The next morning (oh, two hours later), I ran into our bedroom, opened the window, ran out, and closed the door. A while later, I opened the door and didn’t see the bat. But my wife wanted to be sure, so she called a bat removal guy. He came over in a few hours, checked around, and didn’t find a bat. But he was obliged to contact the Albany County Health Department and tell them about possible rabies exposure. Since we were asleep when the bat arrived, there was no way to KNOW that we were not exposed, and since the bat had escaped, the creature couldn’t be tested. Two people in Albany County died of rabies from bats in the previous 5 or 6 years. That meant one thing:
RABIES SHOTS.

Carol was planning to go to Ukraine for a week of teaching within the week. The bat guy said, “Oh, you’re not going ANYWHERE,” which was greatly disappointing to her.
The good news about rabies shots is that they no longer shoot long needles into your stomach.
The bad news about rabies shots is that they still use long needles, and they leave them in until all of the serum is out. Worse, the heavier you are, the more needles you get.
So, we go to the county health department to get these shots. I got four of them. First, two nurses gave me simultaneous shots in the front of of my thighs. Involuntarily, I started humming as the needles s-l-o-w-l-y discharged the serum. Then, two shots in the back of my thighs. Pain. Humming.

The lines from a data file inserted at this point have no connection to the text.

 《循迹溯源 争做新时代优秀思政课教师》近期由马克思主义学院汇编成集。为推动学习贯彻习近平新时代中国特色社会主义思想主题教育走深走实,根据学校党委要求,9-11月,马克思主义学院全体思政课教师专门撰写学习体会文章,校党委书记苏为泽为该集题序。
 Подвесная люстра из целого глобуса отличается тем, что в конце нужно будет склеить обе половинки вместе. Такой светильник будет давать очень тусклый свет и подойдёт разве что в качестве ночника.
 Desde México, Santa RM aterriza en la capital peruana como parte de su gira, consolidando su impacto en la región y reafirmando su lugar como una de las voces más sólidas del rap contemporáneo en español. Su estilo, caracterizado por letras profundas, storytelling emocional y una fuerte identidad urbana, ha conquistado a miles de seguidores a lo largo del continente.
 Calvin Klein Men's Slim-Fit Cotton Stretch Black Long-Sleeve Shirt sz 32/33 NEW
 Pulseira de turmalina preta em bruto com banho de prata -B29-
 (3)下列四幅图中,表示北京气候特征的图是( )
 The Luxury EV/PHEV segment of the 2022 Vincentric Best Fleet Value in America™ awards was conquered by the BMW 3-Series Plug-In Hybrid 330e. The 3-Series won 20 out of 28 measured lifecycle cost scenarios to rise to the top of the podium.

Then, we needed booster shots the 3rd, 7th, 14th, and 28th days after. These are traditional shots in the arm. The head of the Health Department wrote a letter explaining to whomever that Carol would be carrying serum halfway across the world. Would the airlines be OK with Carol carrying a needle in her carry-on luggage?
Her flights were from Albany to Toronto, then Toronto to Vienna on Air Canada, then Vienna to Dnipropetrovs’k on the Austrian line. (Yes, she had to fly west to go east.) We called Air Canada to tell them the situation, but we never got the assurances we were really seeking.
On the third day, we had arranged to have our then-neighbor, who was a doctor coming home from Albany Medical Center’s night shift, to give Carol her first booster shot. Her second dosage was in a bag filled with dry ice in her carry-on bag.

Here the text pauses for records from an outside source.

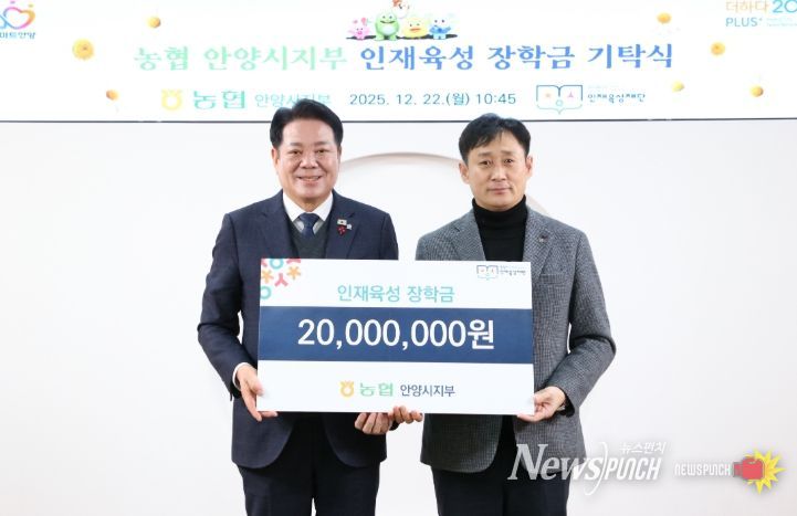 뉴스펀치 김길룡 기자 | 안양시 인재육성재단이 지난 22일 농협 안양시지부로부터 인재육성을 위한 장학금 2천만 원을 기탁받았다고 23일 밝혔다.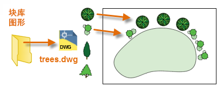 - 图形文件中包含一个或多个块定义。例如,可以创建仅包含树块定义的图形。然后,您可以将该图形中的任何块插入到当前图形中。包含相关块族的图形文件通常称为块库图形。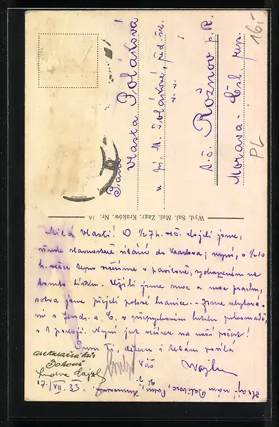 Personenbezogene Daten auf der Rückseite der Karte wurden durch blauen Textmarker unkenntlich gemacht. Die blauen Stellen sind auf die Vorderseite durchgeweicht und wirken sich negativ auf das Postkartenfoto aus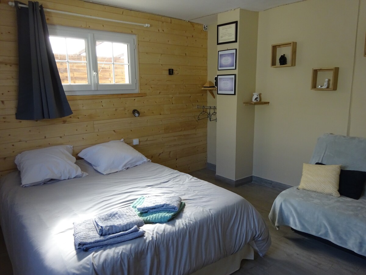 une chambre avec 1 lit (160x200) et 1 canapé lit (120x190) plus lit parapluie avec salle de bain wc indépendant et privé . avec une petite cuisine équipée micro-ondes frigo gasiniere vaisselle et ustensiles de cuisine petit-déjeuner et jacuzzi accessible avec supplément ( jacuzzi : 10 euros de l heure par personne, 5 euros pour les enfants de moins de 5 ans accompagnés de leurs parents petit déjeuner en supplément 12.50 euros par personne et 6 euros pour les enfants de moins de 5 ans.
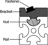 Quick-install brackets come with mounting fasteners attached to make installation easy. To install, drop the attached nuts into the T-slot, then tighten the screws a quarter turn.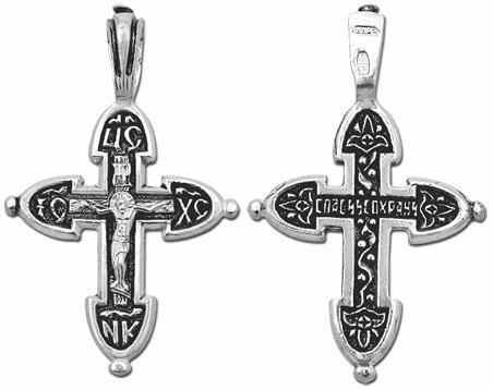 Это православное изделие - Крест выполнено методом литья из серебра 925 пробы. Поверхность изделия покрыта методом чернения (оксидирования). Изделие входит в коллекцию "Санкт - Петербург".

No problems in Canada or Austria.
When she gets to Ukraine, the Customs personnel want to know EVERYTHING she’s carrying in, including her wedding ring, and its value. Apparently, they don’t want a lot of wealth entering and not leaving the country, or for much wealth to leave the country. When Carol declared about her medicine, though, the guy said, “Never mind,” because it would be too much of a hassle to deal with, and he failed to write it down.
So, the tour people arranged for a Ukrainian doctor to get her shot on the 7th day, and she was home for the last two boosters. Of course, I got all of my boosters at the Health department in Albany.
I was telling this story to a friend of mine, about thinking I was not exposed when health officials would determine that I might have been, when I was interrupted. “Oh, yeah, my sister went through the Same Thing.” Boy, I wish I had known that before!


In June of 2003, I got up in the middle of the night to go to the bathroom. On the first floor of our house, the chimney is in the center, adjacent to the living room and dining room. I look down and see a bat flying round and round our chimney. I go back to bed, with the door closed. Carol is awake, and I tell her what I saw. I don’t know if either of us went back to sleep.
In the morning, we called the bat removal guy, who looked for the animal, and FOUND it in the window on the landing between the first and second floor. He took it to be tested, and it was negative for rabies.


In June of 2004, Carol was coming downstairs from the first floor to the basement with a load of laundry in her arms when a bat decided to fly up the stairs. She nearly was face to face with the creature. I don’t know that we ever found that beast.

Next month, batproofing is supposed to begin, patching very small holes under the roof where bats can squeeze in. One can’t do it TOO early, lest the bats get stuck in the house all winter, and we get to see them again next spring.